Guideline No. 12 – Undersigned.

Never use the word “undersigned.”[4]

Good advice. We often wonder why anyone would write things like “I am in receipt of your letter.” How is that imaginably better than “I received your letter”?

We also wonder what Judge Kressel would think of our use of the “editorial we.” [5] Wikipedia informs us[6] that such an affectation is a “nosism,” defined as “The use of 'we' in referring to oneself.” There are several kinds of nosism in addition to the royal and editorial “we’s,” including the “author’s we” (“We are thus led also to a definition of "time" in physics.” — Albert Einstein), the “inclusive we” (“we are all in this together”), the “exclusive we” (“we are going to clean your clocks”), and a personal favorite, the “patronizing we” (“well, aren’t we clever today?”).

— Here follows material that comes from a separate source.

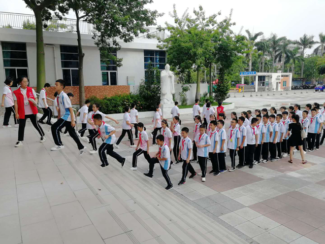 (老師統(tǒng)一全級(jí)進(jìn)行日常行為規(guī)范訓(xùn)練)

At least we’ve never referred to ourselves as “the undersigned.”

We Got Props

While we are on this train of omphaloskeptic self-examination, it is gratifying to note when our meager efforts draw some attention. In our monthly search for items of interest, we came across this comment in the Legal Profession Blog on our January item listing the top disciplinary cases of the year. The author, Ethics Counsel Michael Frisch of the Georgetown Law Center, comments, “I applaud the effort to highlight professional responsibility issues in a manner that goes beyond what Pennsylvania already does, which is provide prompt and easy access to its decisions. Many bar web pages don't even do that.” Our pleasure, Professor.

At this point it might be a good idea to acknowledge the origin of the annual survey, which grew from a suggestion by Harrisburg attorney Robert H. Davis, Jr., a former Acting Chief Disciplinary Counsel who is also Adjunct Professor of Professional Responsibility at Widener University School of Law, Harrisburg. We are continually grateful for the interaction and suggestions we receive from readers, which has done much to make this newsletter a better and more useful feature.

Got a Tip?

Or a question, a comment, an idea you’d like to see addressed? We are always glad to hear from you. Write us at

[1] There has to be a movie in this story. Or a reality show.

[2] “Baddeley” – must resist, must resist . . .

[3] It’s worth noting that Judge Kressel is giving directions for writing orders, which will be in his words and will not involve disputed issues. In other contexts, such as pleadings, “and/or” may be necessary to reserve options. But when writing in “regular grammatical English,” Judge Kressel is right. It never sounds like plain English.

[4] Repeated, but worth repeating.

[5] Also known as the “royal we” or “majestic plural (pluralis maiestatis).” There is certainly nothing royal or majestic about us.

[6] Oops, there we go again. Oops, we mean . . . never mind.